It's fine when Obama bypasses congress?


----------



## WhatInThe (Jan 27, 2015)

QuickSilver said:


> I'm surprised we didn't have a thread on this..   John Boehner and the GOP congress has bypassed the White House and invited Netanyahu to address Congress on why we shouldn't have nuclear negotiations with Iran.  Nothing about this plan was even mentioned to the Administration and completely puts at risk any chance of a peaceful control of Iran's nuclear program by placing Sanctions on Iran.
> 
> 
> 
> ...



Seems like the guest speaker would fall under  5) informal advice.

True it would be preferred that the branches of government would coordinate their efforts but sometimes perhaps it is better that an issue get full disclosure and/or both sides of the story because in the end the American citizen and taxpayer winds up with the bill.

This also could a be planned distraction for negotiating.
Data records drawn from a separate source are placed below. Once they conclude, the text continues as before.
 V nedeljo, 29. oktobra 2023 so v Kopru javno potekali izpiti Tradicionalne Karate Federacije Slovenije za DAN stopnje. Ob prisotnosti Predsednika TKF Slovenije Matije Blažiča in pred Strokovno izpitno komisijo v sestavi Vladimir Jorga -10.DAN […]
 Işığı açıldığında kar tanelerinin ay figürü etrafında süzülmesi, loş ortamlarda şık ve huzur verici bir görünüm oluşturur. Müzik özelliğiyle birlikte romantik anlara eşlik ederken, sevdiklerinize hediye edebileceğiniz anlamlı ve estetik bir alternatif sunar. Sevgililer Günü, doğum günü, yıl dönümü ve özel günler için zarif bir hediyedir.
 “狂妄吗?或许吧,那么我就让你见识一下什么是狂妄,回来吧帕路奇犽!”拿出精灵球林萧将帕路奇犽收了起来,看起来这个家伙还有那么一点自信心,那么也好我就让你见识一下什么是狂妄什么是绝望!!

Obama could tell the Iranians look I can't hold the hardliners at bay any longer so what are you going to do-now.


----------



## QuickSilver (Jan 27, 2015)

WhatInThe said:


> Seems like the guest speaker would fall under  5) informal advice.
> 
> True it would be preferred that the branches of government would coordinate their efforts but sometimes perhaps it is better that an issue get full disclosure and/or both sides of the story because in the end the American citizen and taxpayer winds up with the bill.
> 
> This also could a be planned distraction for negotiating. Obama could tell the Iranians look I can't hold the hardliners at bay any longer so what are you going to do-now.
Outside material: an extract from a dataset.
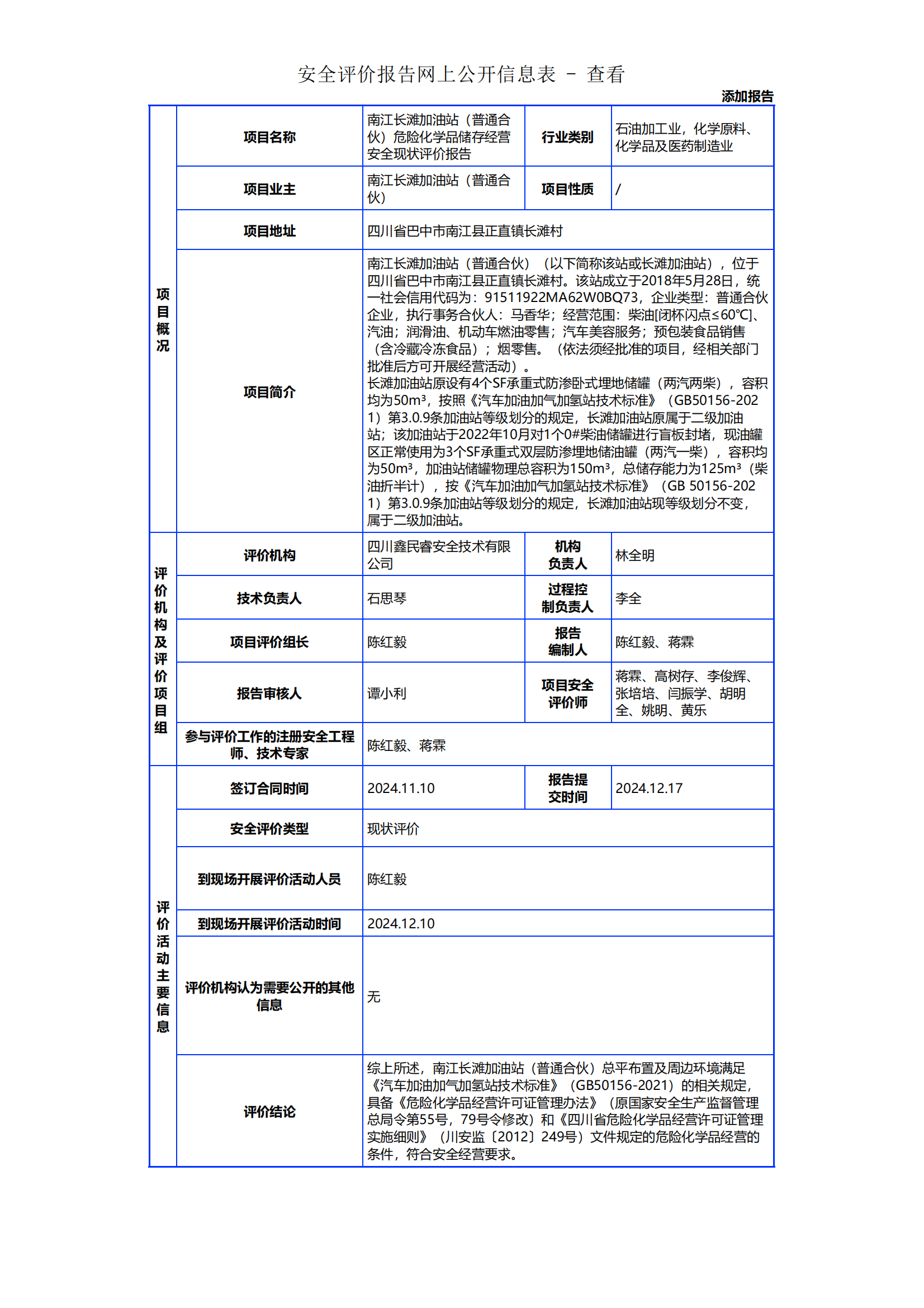 133南江长滩加油站(普通合伙)危险化学品经营安全现状评价

Part of the problem is that it's always been US policy to not engage with Heads of State within such close proximity to their elections.  Netanyahu's would be two weeks after coming here..   The President will NOT meet with him IF he comes to visit.  Judging from the flack he is getting from all sides.. my guess is that he will re-think the wisdom of accepting Boehner's request.  Boehner needs to hang his head on THIS particular fiasco.


----------



## Josiah (Jan 27, 2015)

There's no question that this snub is a world class insult for the American administration with Netanyahu and  Boehner equally guilty of reckless irresponsibility. We've learned in Iraq and Afganistan and Libya that there are no military solutions in the Middle East. So Obama's administration is endeavoring to deal with the problem of Iran's nuclear potential through negotiation. In this he is supported by most of our allies. But Netanyahu and the GOP aren't big fans of negotiations. So together they intend to sabotage the Iranian negotiations and they'll probably succeed. It's really tough being a Democratic president these days when the GOP's avowed and only goal is to sabotage everything you try to do.


----------



## BobF (Jan 27, 2015)

Well, sad news for you posters and the truth is that since we have been pulling back our troops and not talking sternly anymore the situation in the Arab states has been, and is, continually going worse and worse.
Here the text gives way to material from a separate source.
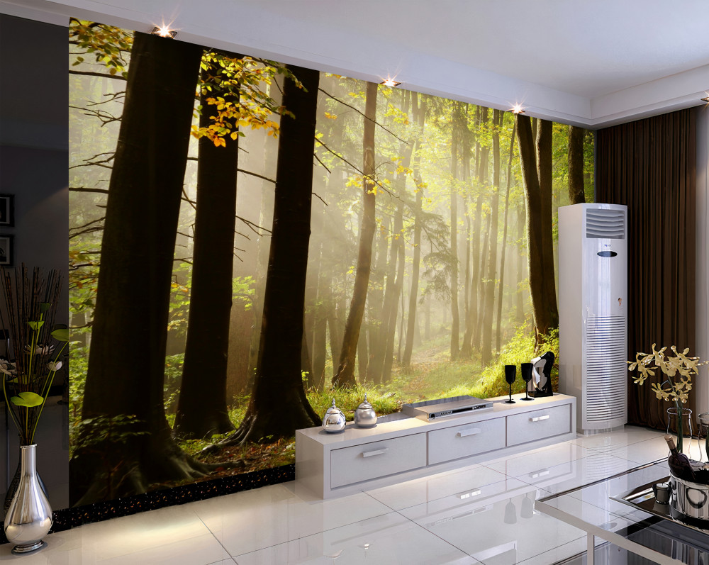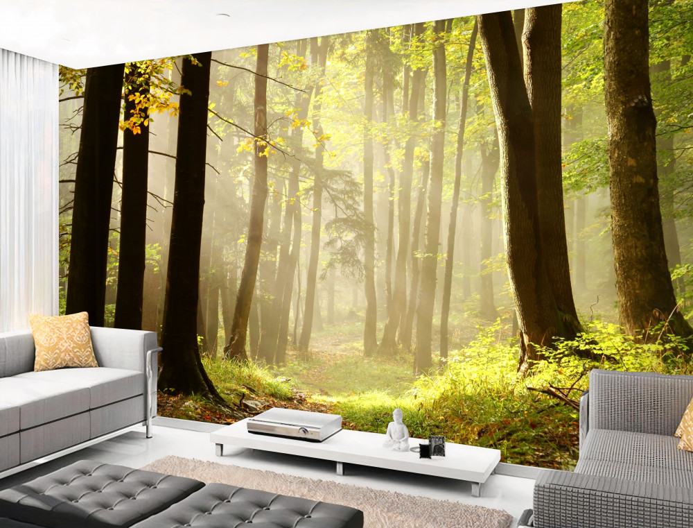 Tapeta Fototapeta promienie porannego słońca przebijają się przez leśną mgłę (artykuł a92724 ) z kategorii Fototapety Natura

Another surprise today was when the Democrat side of Congress also decided to tell Obama to quite pussy footing around and get Iran to make a real commitment to stop any nuclear activity.   They also gave Obama a dead line of March this spring in 2015.   They also want action just as the Republicans have been asking for.   New York Senator Chuck Shumer made that speech.

So who are we going to blame now?


----------



## WhatInThe (Jan 27, 2015)

Don't trust Iran but in reality we can't be telling another country what they can do with in their borders or if we try to keep them in the dark ages ie deny them technology that they won't "binge" on it once they do get it. And a "binge" for Iran might very well be a nuke and/or wmd attack on someone.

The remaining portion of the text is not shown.